Windows Performance Guide: Out of Process Virtual Memory

You have arrived here because you have identified hat one or more of your processes are crashing due to an out of memory condition on your Windows computer. If this is not correct, then return to the Start of the Performance Guide.

Process Virtual Memory Concept

Processes are not aware of physical hardware. Each process is given its own, private, virtual address space which is a finite amount of virtual memory. This allows the Windows operating system to more efficiently manage physical memory resources (RAM and disk (page file)). If a process attempts to exceed it's virtual address space, then it will crash with an out of memory exception.

Determine the Maximum amount of Virtual Address Space

Each process has a finite amount of virtual address space that it cannot exceed. The amount of virtual memory per process depends on if it was compiled as 32-bit or 64-bit. x86 is the 32-bit implementation of Windows. x64 is the current 64-bit implementation of Windows.

• x86 processes have 2 GB of virtual address space by default
• x86 processes with the /3GB operating system switch, but without large address aware have 2 GB of virtual address space.
• x86 processes with the /3GB operating system switch, with large address aware have 3 GB of virtual address space.
• x86 processes with the /3GB operating system swtich, large address aware, and the /USERVA switch have virtual address space equal to the amount specified by the /USERVA switch.
• x86 processes with large address aware and running on an x64 operating system have 4 GB of virtual address space.
• x64 processes have 8 TB of virtual address space.

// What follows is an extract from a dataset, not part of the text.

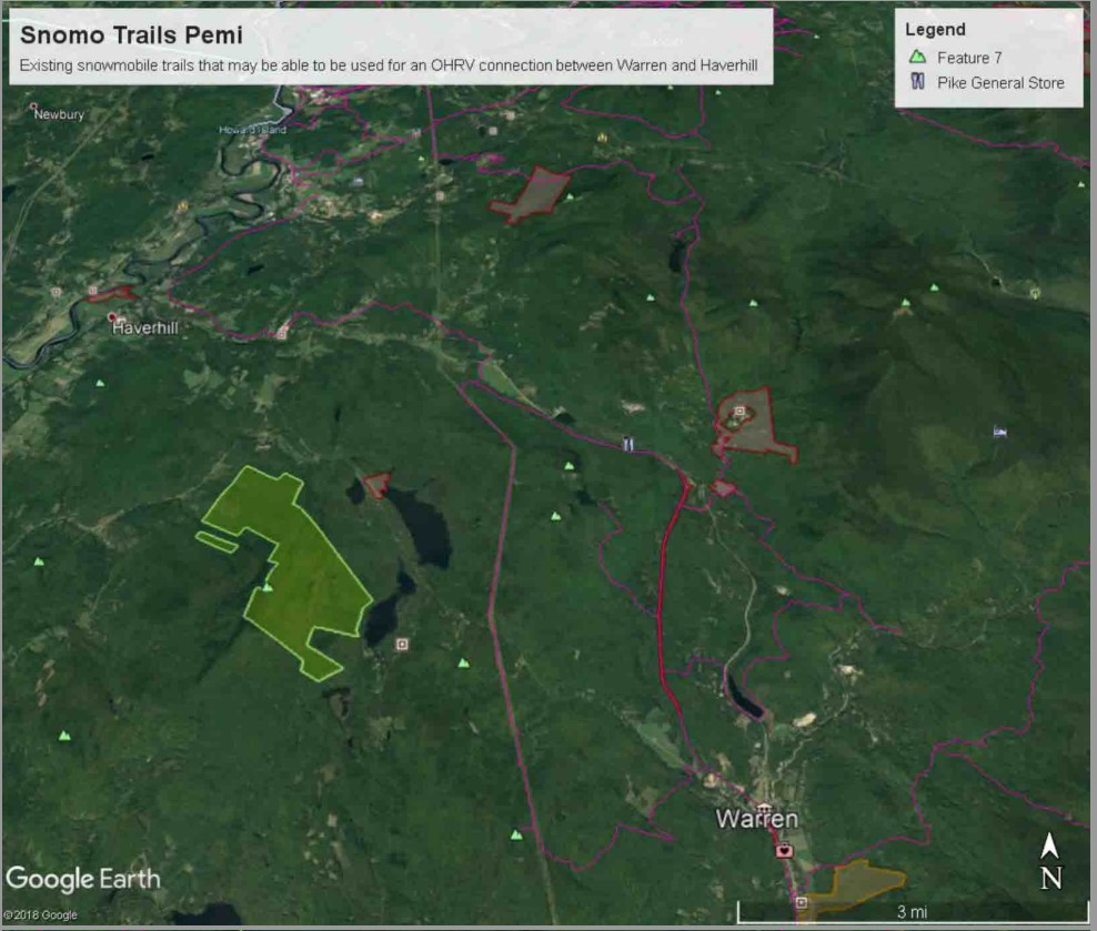 Map excerpt: BOT proposed ATV Trail Warren to Haverhill 2019

Important: Use caution before implementing the /3GB operating switch because it takes away virtual memory from the Windows kernel and can result in system-wide hangs.

Dumpbin.exe (Windows SDK) can determine if a 32-bit executable (EXE) supports large address spaces with the following command:

dumpbin /headers <path to EXE>

The following WMI command will show the maximum virtual address space that a process can have on the computer. This command will work on Windows XP/2003 and greater:

wmic PATH Win32_OperatingSystem GET MaxProcessMemorySize

Sample output of this command for a Windows 7 x64 computer is:

MaxProcessMemorySize

8589934464

VMMap.exe (SysInternals) can attach to a live process and show the virtual memory usage. This can tell you the maximum amount of virtual memory the process can address and is helpful in diagnosing virtual memory fragmentation. When the virtual address space of a process does not have enough contiguous memory to accommodate a virtual memory allocation request, then it will crash. For example, a process might have 500 MB of free virtual memory, but might not have a contiguous block of 64 MB to accommodate a new Gen 0 memory block request from the .NET memory manager.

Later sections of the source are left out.